Over the past few months I have been experimenting with creating flash animations using completely free software for Linux and Windows. Here is what I’ve been using:

You’ll need Java installed before you can install Jedit or Ant. I set up Java and jedit according to my last two posts. To install Ant on Ubuntu Linux type this in a terminal:

sudo apt-get install ant

or you can download it from their site. If you download it, you should make sure your PATH system variable includes the ant bin directory, you have an ANT_HOME variable set to the folder ant was installed to, and a JAVA_HOME variable set to the folder java was installed to.

There are precompiled binaries of MTASC available for Windows, MAC, and Linux.
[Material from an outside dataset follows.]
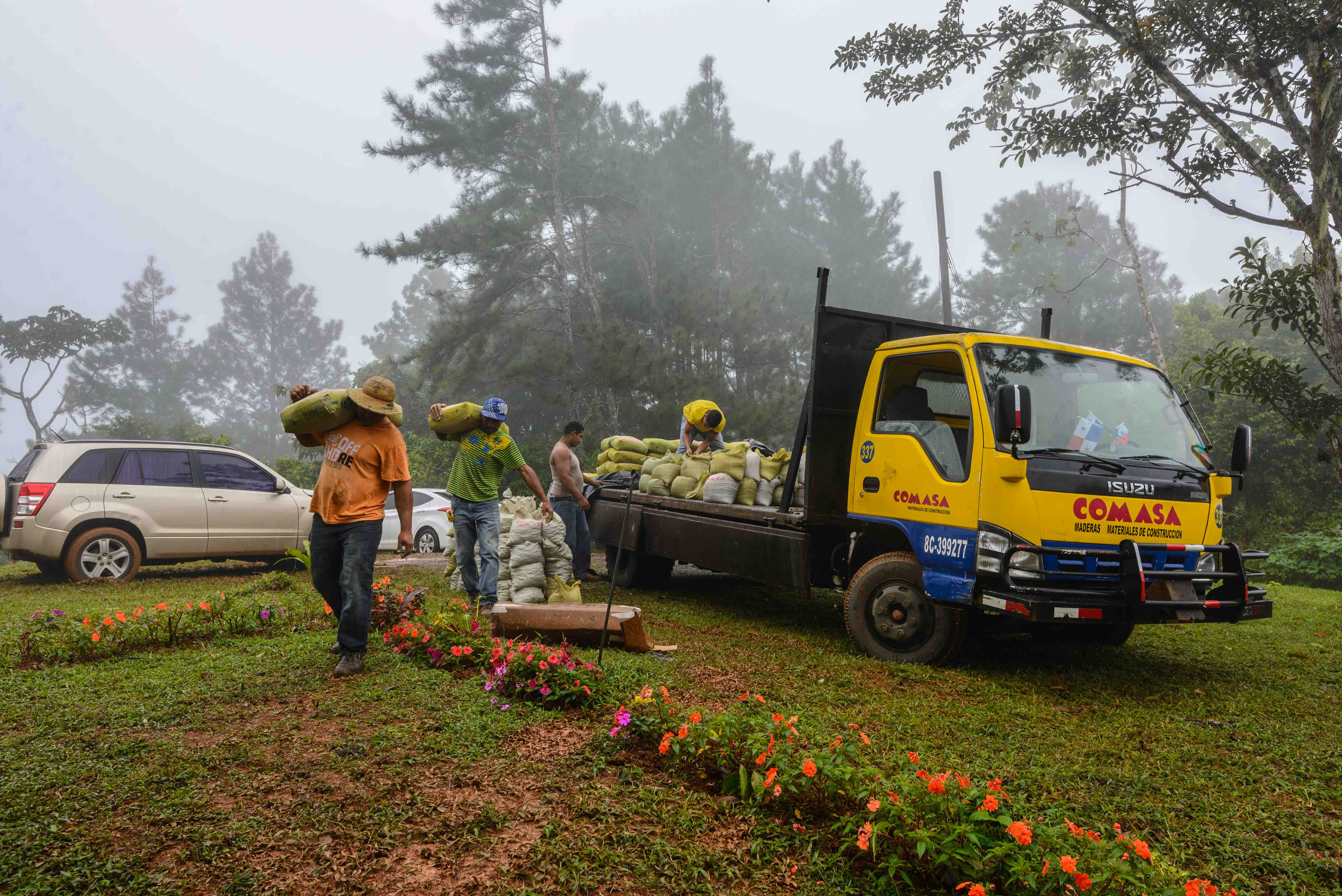 We initially thought that we would have a concrete mixer to mix the cement but we have run into a number of problems. We cannot get a full size concrete truck up to the site due to weight and size problems. There is a half-size truck but it has the same problems. A portable mixer would be the solution but there is nothing the size we need available. We can get a one or two meter mixer but it would take longer to produce the concrete with that small a machine than to mix it by hand. So, as people here have done for years, our workers mix cement, sand, and gravel together on the ground with a little water and magically you have concrete. We will be adding some chemicals to make sure the strength of the concrete is to an proper standard.

Swfmill only has binaries for Windows and Mac, so you’ll have to compile it yourself on Linux. On Ubuntu you’ll first need to install build-essential, libxml2-dev, libxslt1-dev, libfreetype6-dev, libpng12-dev, checkinstall. You can do this by typing:

 sudo apt-get install build-essential libxml2-dev libxslt1-dev libfreetype6-dev libpng12-dev checkinstall

Extract the swfmill-0.2.11.tar.gz file with this command:

tar -zxvf swfmill-0.2.11.tar.gz

Then navigate to the src folder and type:


./configure
sudo checkinstall -D make install

This will create and install a debian package of swfmill.

To use Alcon you have to import the Debug class into your actionscript project then you’ll be able to send messages to the swf console with the Debug.trace() command. I’ve created a webpage embedded with alcon that loads the swf files I’m debugging in a popup window.